### DATASET ENTRIES

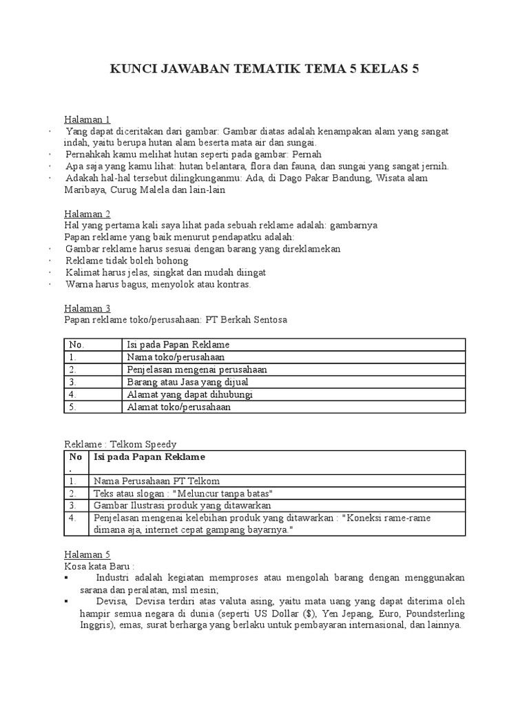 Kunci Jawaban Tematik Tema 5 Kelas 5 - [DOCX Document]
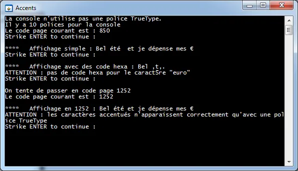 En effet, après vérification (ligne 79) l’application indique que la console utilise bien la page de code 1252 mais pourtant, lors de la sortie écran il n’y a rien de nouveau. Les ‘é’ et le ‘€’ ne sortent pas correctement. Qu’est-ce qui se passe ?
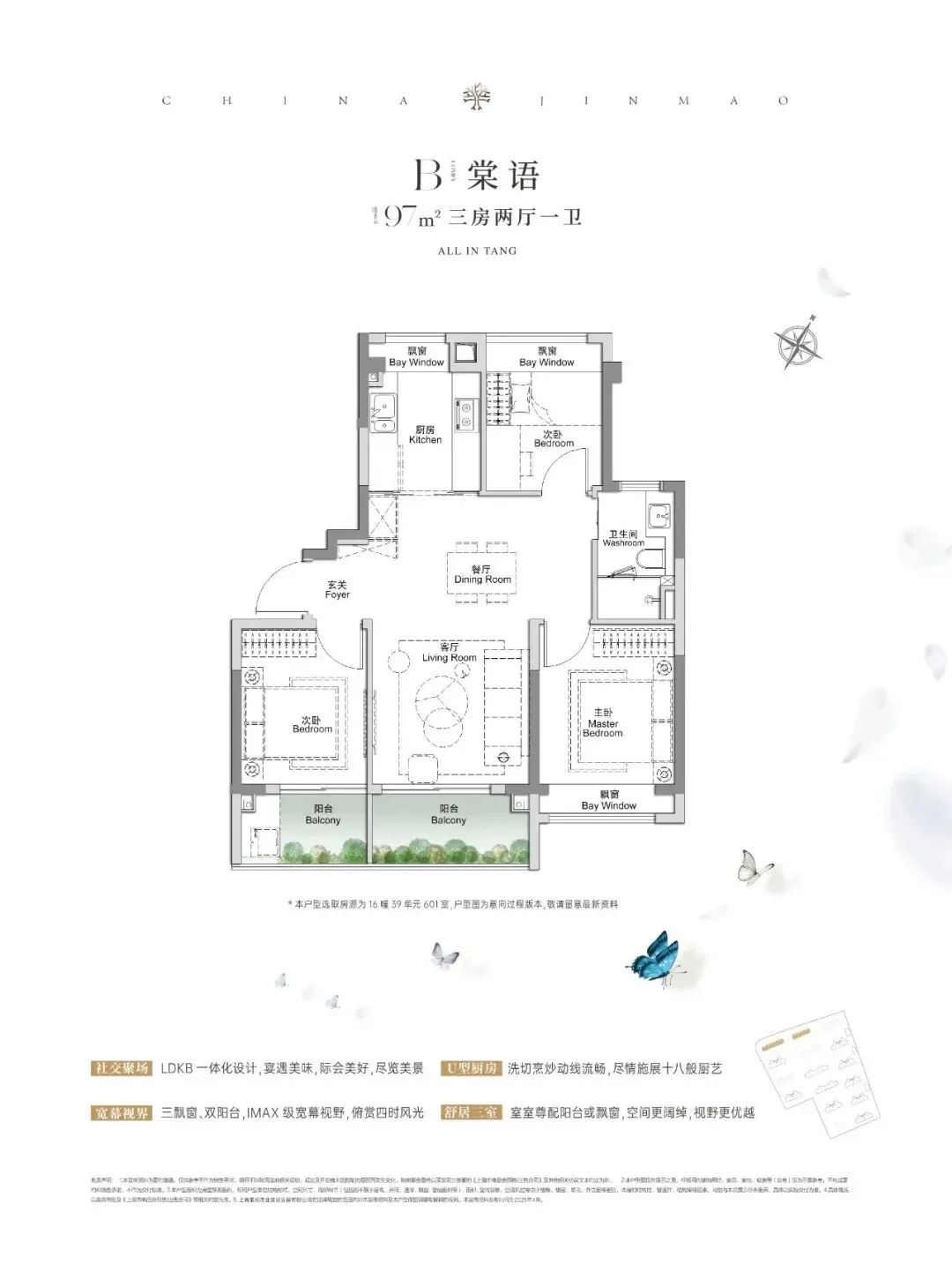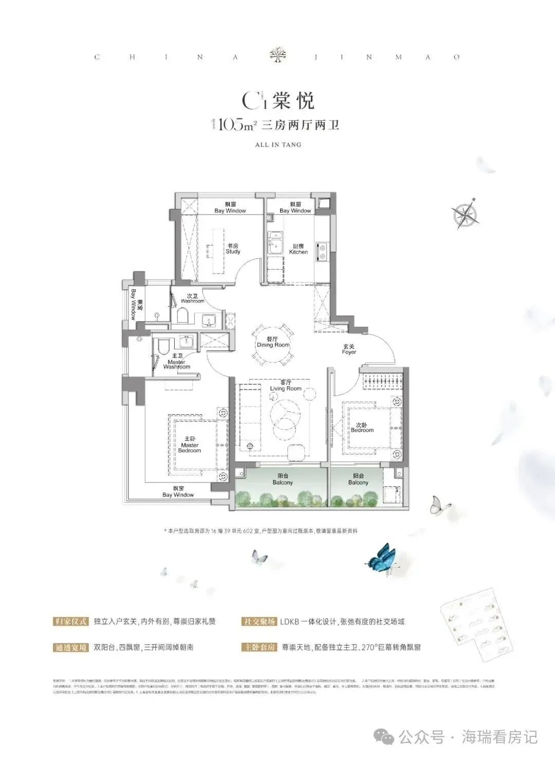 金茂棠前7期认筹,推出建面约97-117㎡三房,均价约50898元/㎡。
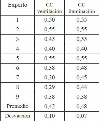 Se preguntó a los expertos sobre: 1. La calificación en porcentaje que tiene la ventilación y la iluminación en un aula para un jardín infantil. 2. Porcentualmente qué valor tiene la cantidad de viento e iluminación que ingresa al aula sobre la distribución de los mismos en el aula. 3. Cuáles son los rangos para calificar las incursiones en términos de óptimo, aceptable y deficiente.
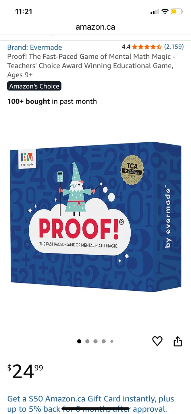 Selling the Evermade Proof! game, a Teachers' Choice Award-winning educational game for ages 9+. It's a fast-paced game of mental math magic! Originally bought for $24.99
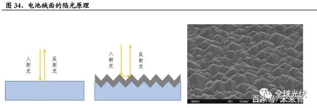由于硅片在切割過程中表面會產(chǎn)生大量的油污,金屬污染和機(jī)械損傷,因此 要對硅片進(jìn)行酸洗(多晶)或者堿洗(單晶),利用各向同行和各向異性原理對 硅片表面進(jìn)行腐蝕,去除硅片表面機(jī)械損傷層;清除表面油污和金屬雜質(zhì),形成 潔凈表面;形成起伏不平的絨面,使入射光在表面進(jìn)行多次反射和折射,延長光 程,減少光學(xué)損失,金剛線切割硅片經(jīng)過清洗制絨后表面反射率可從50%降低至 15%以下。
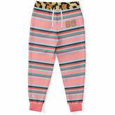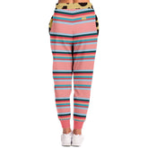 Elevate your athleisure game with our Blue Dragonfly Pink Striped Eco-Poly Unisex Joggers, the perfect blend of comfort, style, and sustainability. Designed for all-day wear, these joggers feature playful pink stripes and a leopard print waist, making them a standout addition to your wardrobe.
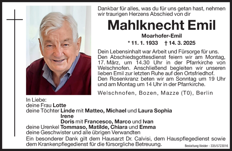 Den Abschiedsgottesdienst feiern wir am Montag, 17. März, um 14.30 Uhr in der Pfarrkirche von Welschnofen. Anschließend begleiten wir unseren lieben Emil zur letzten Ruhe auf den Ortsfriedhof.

### WHAT YOU NEED TO DO
Return the material above verbatim, minus the pictures.

### YOUR SOLUTION
 Kunci Jawaban Tematik Tema 5 Kelas 5 - [DOCX Document]
 En effet, après vérification (ligne 79) l’application indique que la console utilise bien la page de code 1252 mais pourtant, lors de la sortie écran il n’y a rien de nouveau. Les ‘é’ et le ‘€’ ne sortent pas correctement. Qu’est-ce qui se passe ?
 金茂棠前7期认筹,推出建面约97-117㎡三房,均价约50898元/㎡。
 Se preguntó a los expertos sobre: 1. La calificación en porcentaje que tiene la ventilación y la iluminación en un aula para un jardín infantil. 2. Porcentualmente qué valor tiene la cantidad de viento e iluminación que ingresa al aula sobre la distribución de los mismos en el aula. 3. Cuáles son los rangos para calificar las incursiones en términos de óptimo, aceptable y deficiente.
 Selling the Evermade Proof! game, a Teachers' Choice Award-winning educational game for ages 9+. It's a fast-paced game of mental math magic! Originally bought for $24.99
由于硅片在切割過程中表面會產(chǎn)生大量的油污,金屬污染和機(jī)械損傷,因此 要對硅片進(jìn)行酸洗(多晶)或者堿洗(單晶),利用各向同行和各向異性原理對 硅片表面進(jìn)行腐蝕,去除硅片表面機(jī)械損傷層;清除表面油污和金屬雜質(zhì),形成 潔凈表面;形成起伏不平的絨面,使入射光在表面進(jìn)行多次反射和折射,延長光 程,減少光學(xué)損失,金剛線切割硅片經(jīng)過清洗制絨后表面反射率可從50%降低至 15%以下。
 Elevate your athleisure game with our Blue Dragonfly Pink Striped Eco-Poly Unisex Joggers, the perfect blend of comfort, style, and sustainability. Designed for all-day wear, these joggers feature playful pink stripes and a leopard print waist, making them a standout addition to your wardrobe.
 Den Abschiedsgottesdienst feiern wir am Montag, 17. März, um 14.30 Uhr in der Pfarrkirche von Welschnofen. Anschließend begleiten wir unseren lieben Emil zur letzten Ruhe auf den Ortsfriedhof.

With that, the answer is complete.